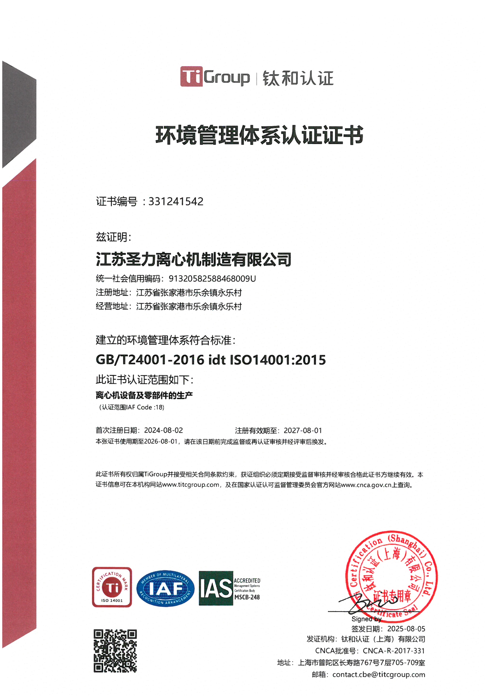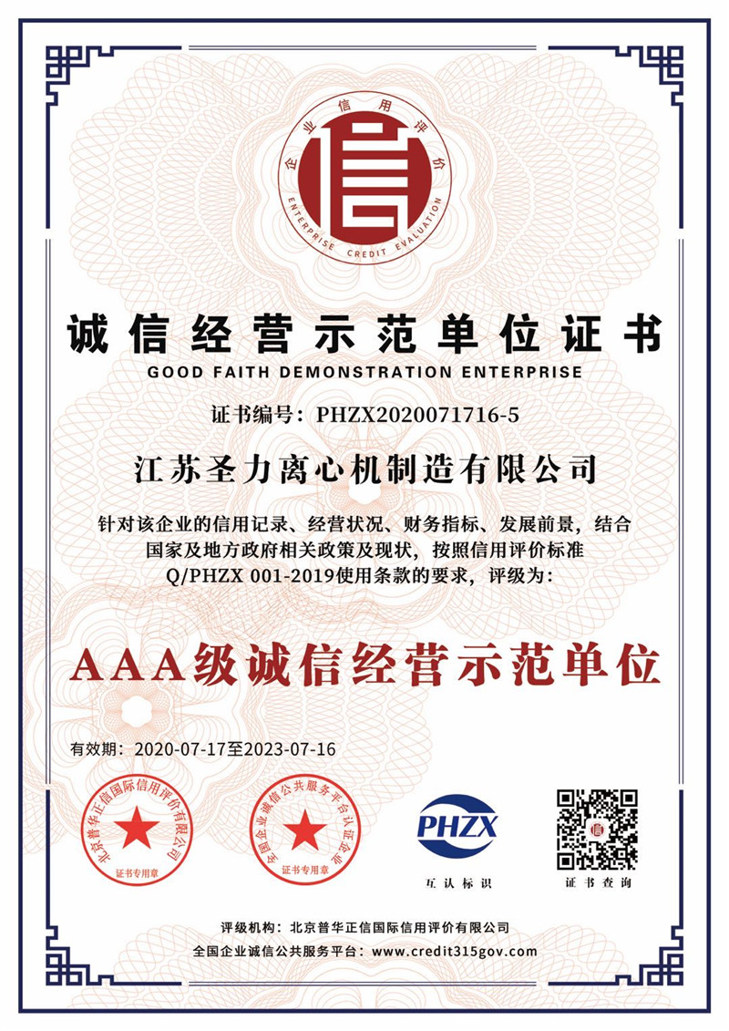 江蘇圣力離心機制造有限公司是國內分離機械行業(yè)中主要的離心機生產(chǎn)企業(yè),對離心機的研究、設計、制造有多年的歷史,擁有齊全的設備、完善的檢測手段。公司已通過IS09000國際質量體系認證、ISO14001環(huán)境管理體系認證、ISO45001:2018職業(yè)健康安全管理體系認證和CE認證,是江蘇省高新技術企業(yè),曾榮獲國家和地方多項榮譽稱號。
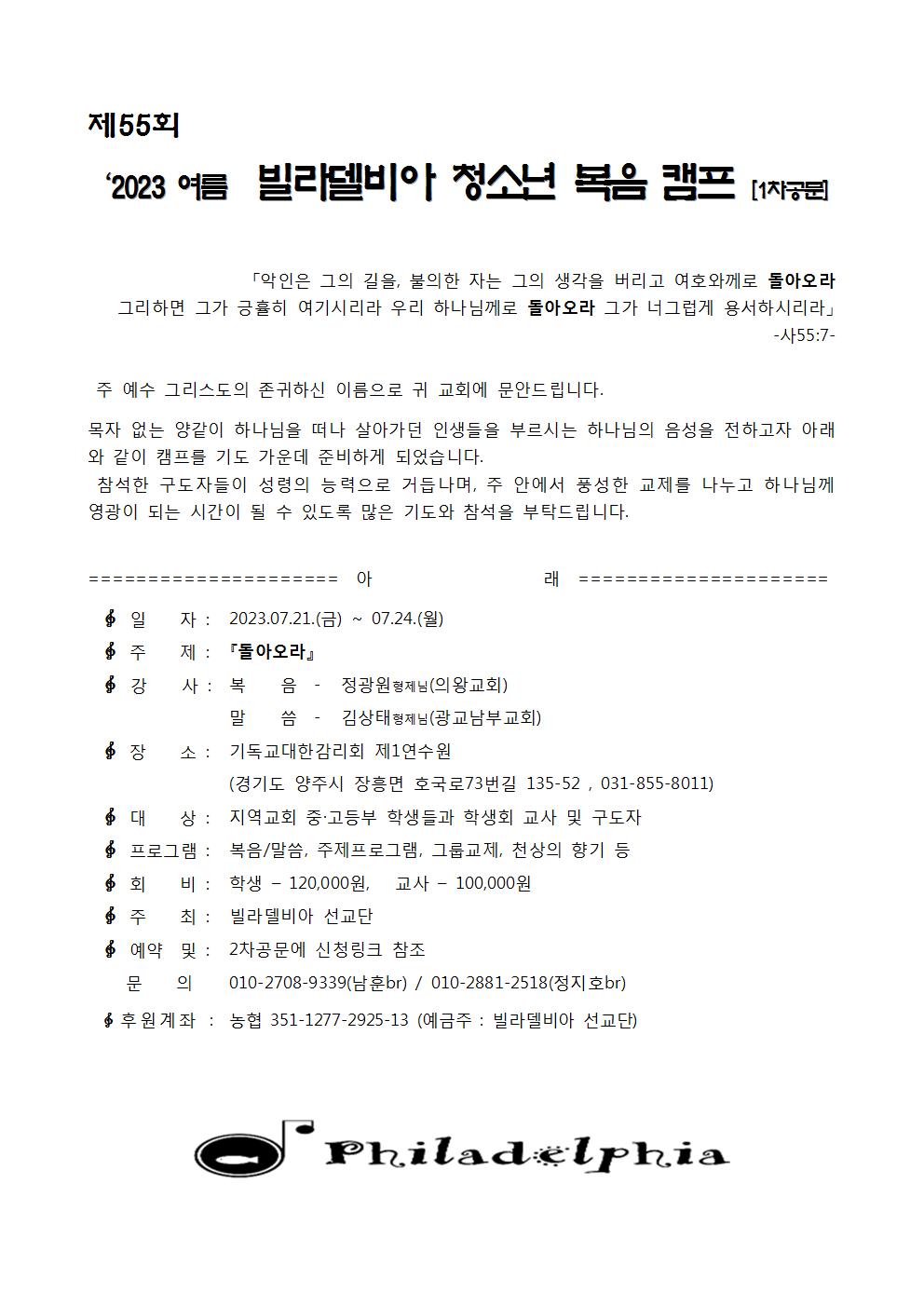 [캠프와 수련회] 2023여름 제55회 빌라델비아 청소년 복음 캠프[1차공문]
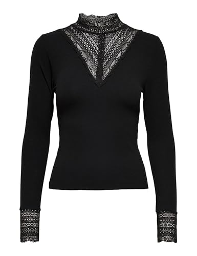 Only Femme Onltilde L/S Haut Col en Dentelle Jrs Noos T shirt manches longues, Noir/Détails : Dentelle Noire., L EU
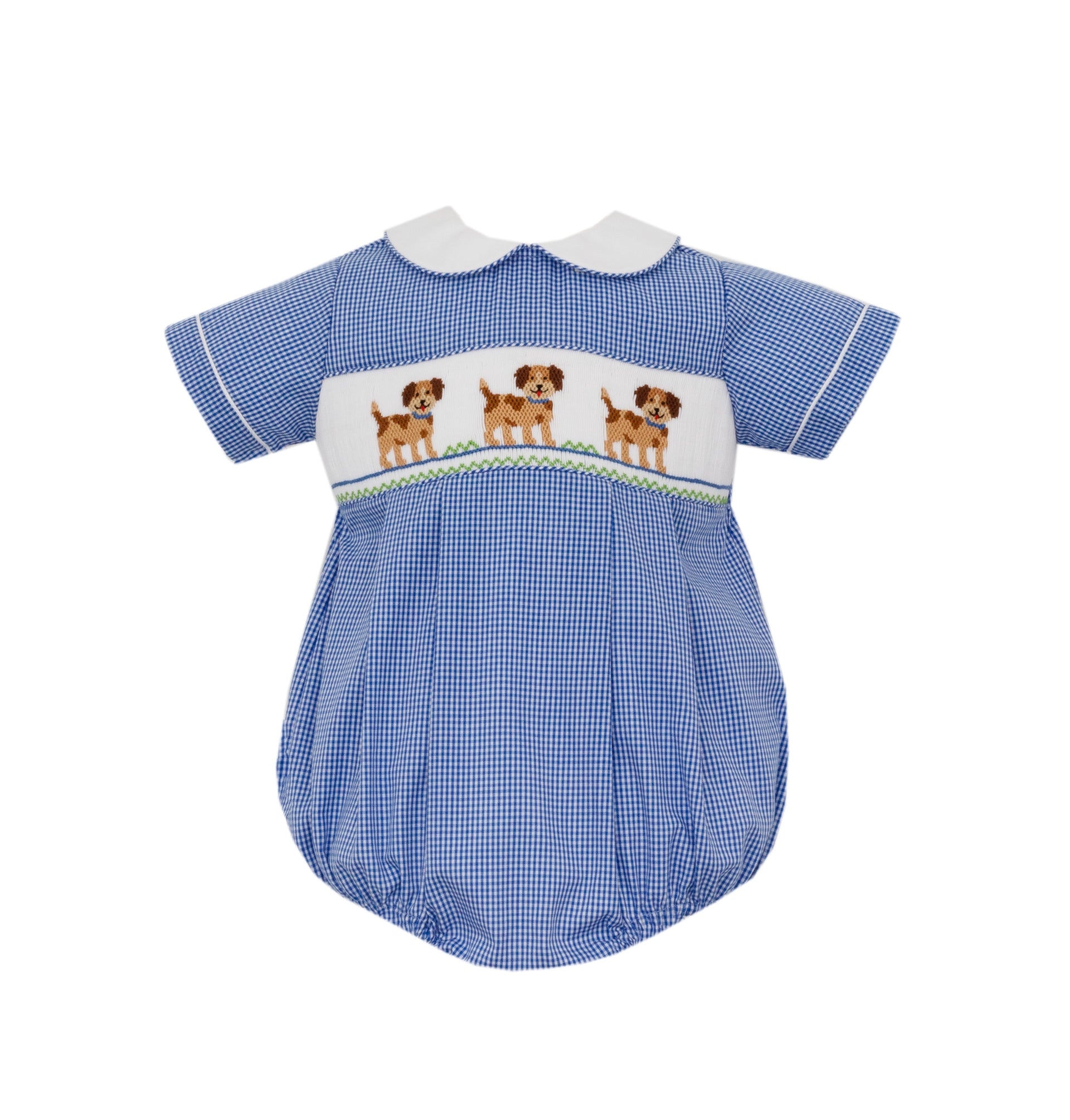 Puppies Royal Blue Gingham Boy's Bubble S/S
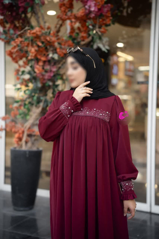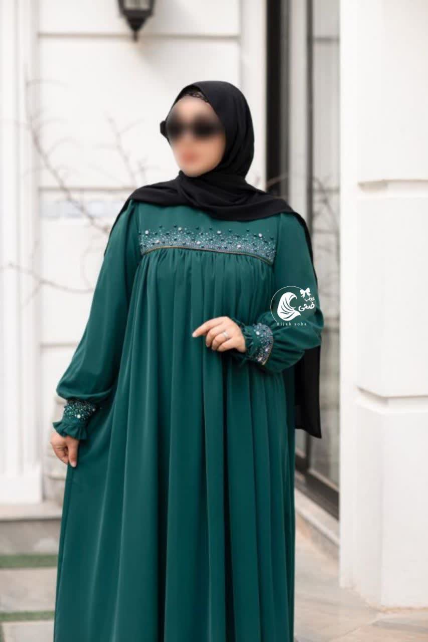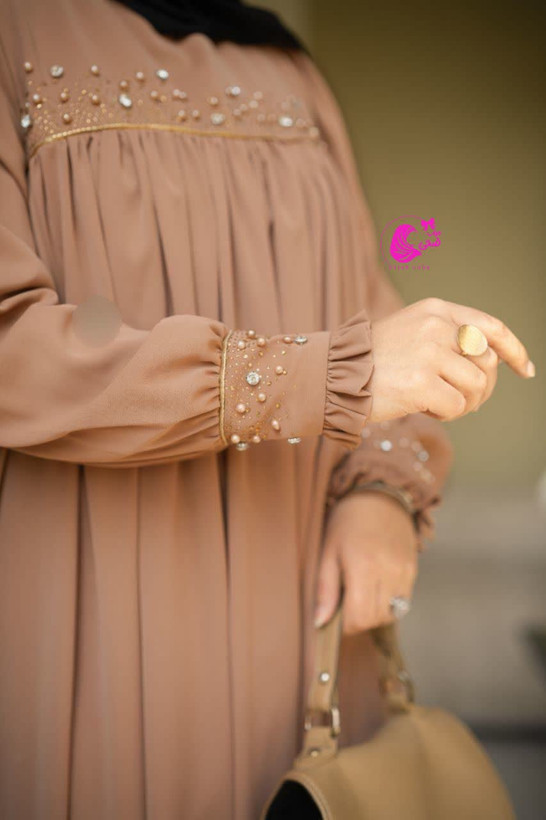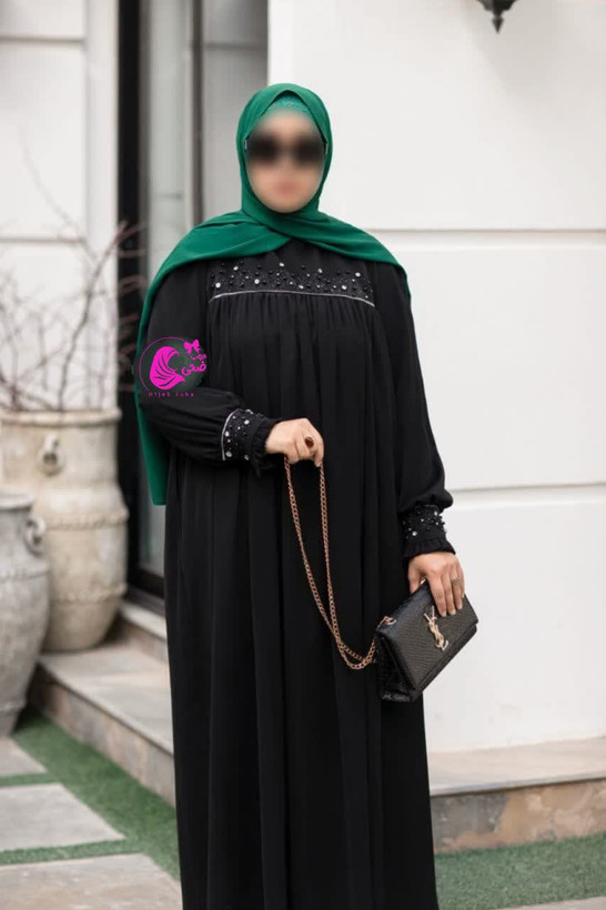 قسمت جلوی سینه و مچ ،جواهردوزی و نگین کاری شده

● Action item:
Please copy exactly the lines from the one that contains "Only Femme Onltilde" through the last line of the listing above, leaving out the pictures.

● Response box:
 Only Femme Onltilde L/S Haut Col en Dentelle Jrs Noos T shirt manches longues, Noir/Détails : Dentelle Noire., L EU
 Puppies Royal Blue Gingham Boy's Bubble S/S
 قسمت جلوی سینه و مچ ،جواهردوزی و نگین کاری شده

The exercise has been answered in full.